- [What you have to do]: Set down each line of the material that follows, exactly, with no pictures.
Records START
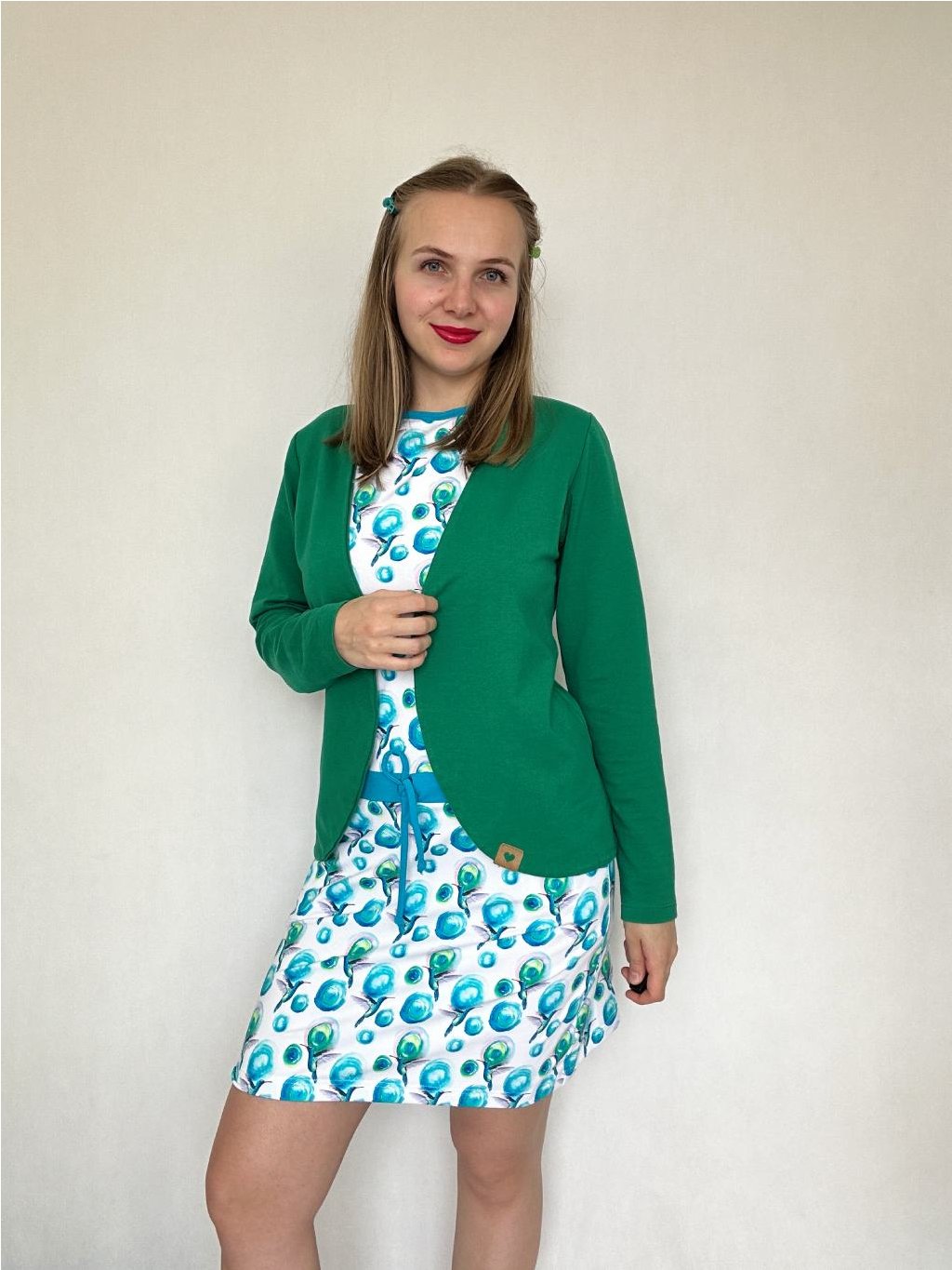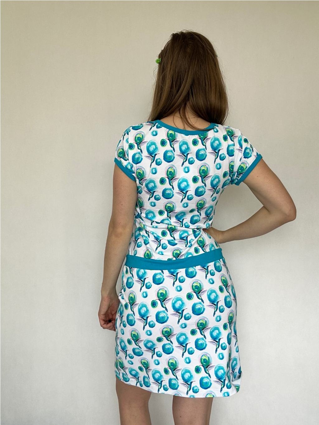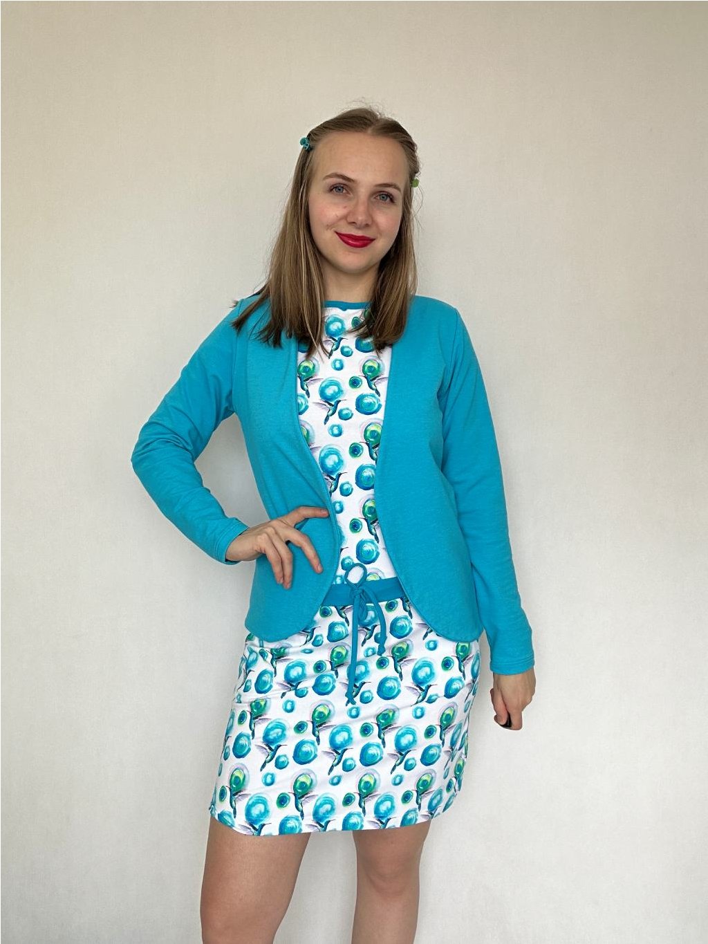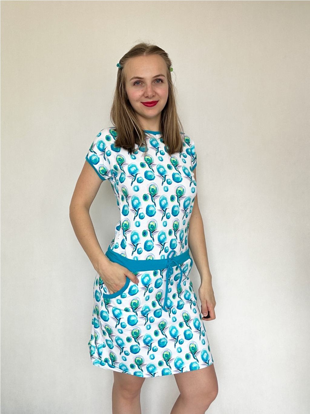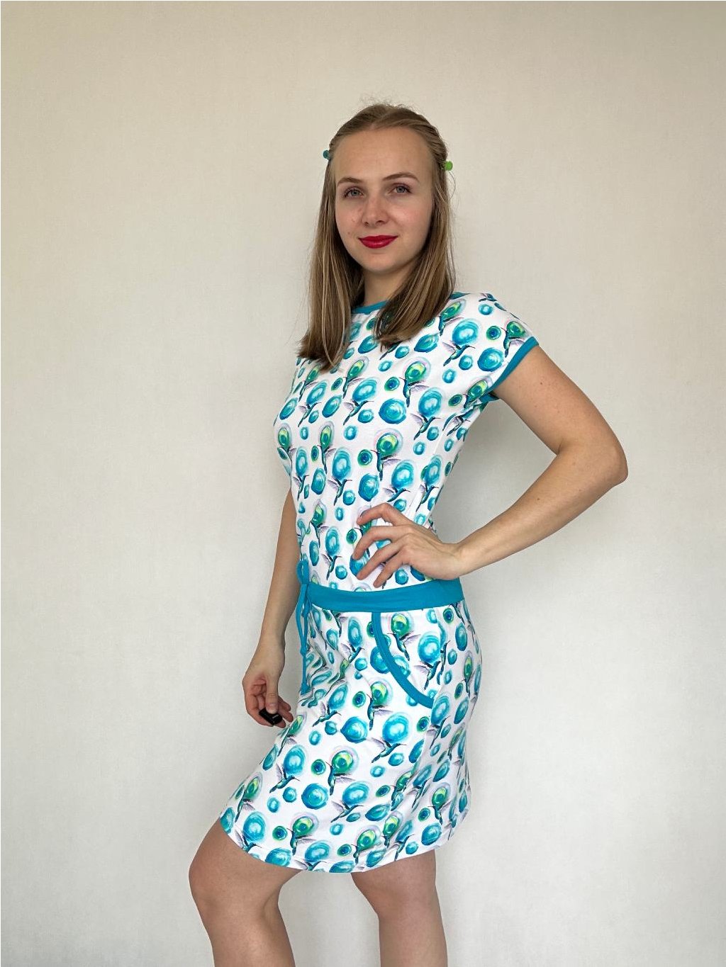 Šaty Iris mají výstřih lemovaný kontrastním úpletem. V pase přestřižené, širší tunýlek se stužkou na stažení, sukně mírně rozšířená. Spadlý rukáv je lemovaný a šaty mají praktické kapsy. Velmi příjemný materiál - bavlněný úplet. K šatům se vám hodí blejzr, které mám ve spoustu barev a odstínech,
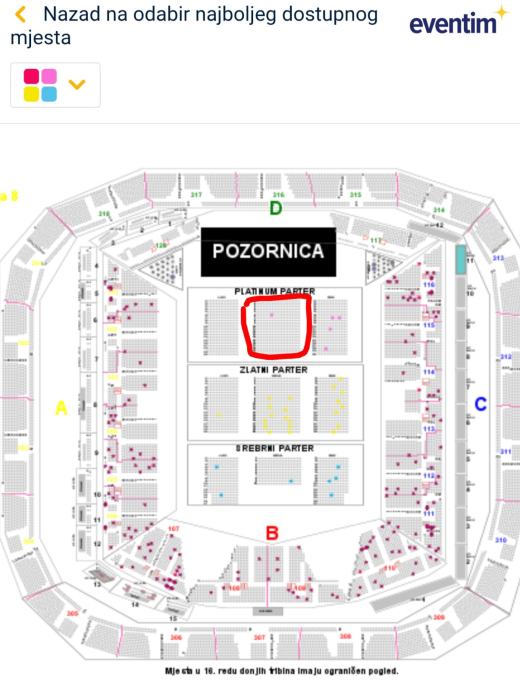 Dvije karte (PLATINUM PARTER SREDINA) zajedno prodajem za 80€.
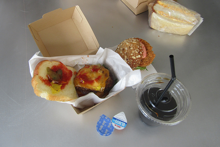 どんなパンも小麦粉100に対して水分は70~80ぐらいしか含ませることが出来ないのが常識ですが、ここの食パンは、小麦粉100に対して水分100を入れる事に成功した世界初の水分量のふんわり柔らかい食パンです。この食パンでできたワンハンドレットバーガーや、ダブルチーズバーガー、レタストマトチーズバーガーなどなど。参加スタッフ全員大絶賛。是非食パンも食べてみたいという声も多かったです。
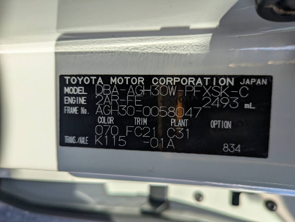 | 車名 | アルファード | 車台番号 | 047 |
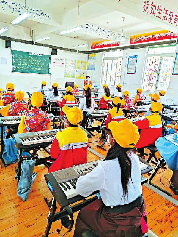 甘孜州理塘縣城關第四完全小學音樂室,孩子們正在學習彈奏電子琴。張庭銘 攝
Records END
- [Solution to the exercise]:
 Šaty Iris mají výstřih lemovaný kontrastním úpletem. V pase přestřižené, širší tunýlek se stužkou na stažení, sukně mírně rozšířená. Spadlý rukáv je lemovaný a šaty mají praktické kapsy. Velmi příjemný materiál - bavlněný úplet. K šatům se vám hodí blejzr, které mám ve spoustu barev a odstínech,
 Dvije karte (PLATINUM PARTER SREDINA) zajedno prodajem za 80€.
 どんなパンも小麦粉100に対して水分は70~80ぐらいしか含ませることが出来ないのが常識ですが、ここの食パンは、小麦粉100に対して水分100を入れる事に成功した世界初の水分量のふんわり柔らかい食パンです。この食パンでできたワンハンドレットバーガーや、ダブルチーズバーガー、レタストマトチーズバーガーなどなど。参加スタッフ全員大絶賛。是非食パンも食べてみたいという声も多かったです。
 | 車名 | アルファード | 車台番号 | 047 |
 甘孜州理塘縣城關第四完全小學音樂室,孩子們正在學習彈奏電子琴。張庭銘 攝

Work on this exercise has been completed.